I have the same problem, go into volume settings and turn up 'Microphone Gain', it sounds a little worse but you get your point across


----------



## ElizabethAlexandraMary (Aug 11, 2009)

Weird... and you seem to have already maxed out everything.

Well, the best way to solve this issue is to shout as loudly as you can in the mic.
But if you intend to do this, at least play as the soldier.


----------



## Sefam (Aug 11, 2009)

I thought this was more appropriate in Three Frags Left



CaptainCool said:


> thats odd... mic boost is on and the test is ok. i dont own TF2, maybe you can set the volume of your voice in the games settings, too?
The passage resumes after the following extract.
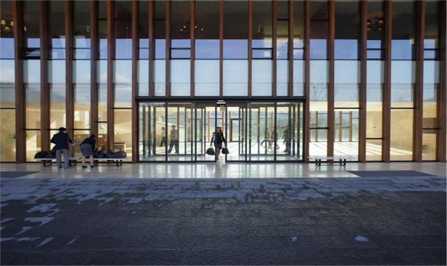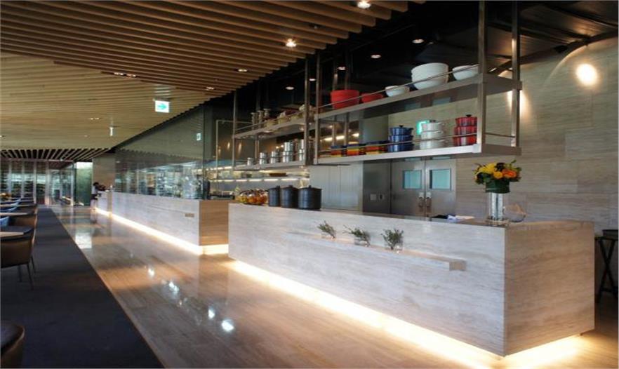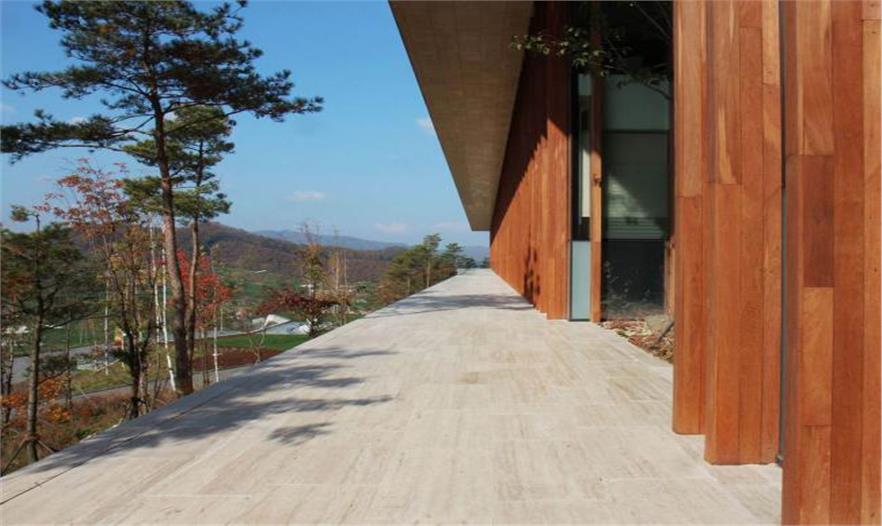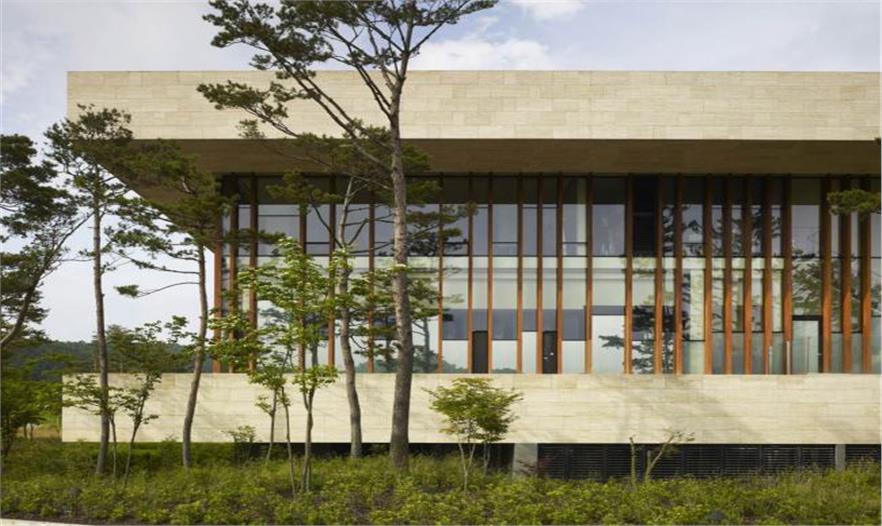 這個細(xì)長的白色建筑就像一個漂浮的觀景樓,位于兩個平行的白色石灰板之間,大型的玻璃和木質(zhì)結(jié)構(gòu)立面能讓游客觀賞到高爾夫場地的景象以及周圍的自然景觀。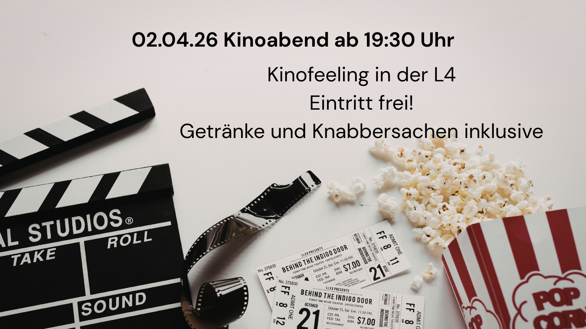 Apr 2 7:30 PM19:30 02.04.26, 19:30 Uhr: Kinoabend Thursday, April 2, 2026 7:30 PM 9:30 PM 19:30 21:30 L4 - Evangelische Gemeinschaft Kassel e.V., Spendenkonto: DE59 5206 0410 0000 0014 65 (map) Google Calendar ICS View Event →

The volume is maxed in the game settings too



kryptik said:


> I have the same problem, go into volume settings and turn up 'Microphone Gain', it sounds a little worse but you get your point across



Mic Gain is on in my TF2 settings



FrancisBlack said:


> Weird... and you seem to have already maxed out everything.
> 
> Well, the best way to solve this issue is to shout as loudly as you can in the mic.
> But if you intend to do this, at least play as the soldier.



Well, that's the problem, I don't want to have to shout for people to hear me. The problem isn't the microphone itself or my settings; either my soundcard having a conflict with TF2's sound codecs or TF2 itself.

I'm wondering if it's possible to amplify the voice more on Windows or input a command on TF2's console.


----------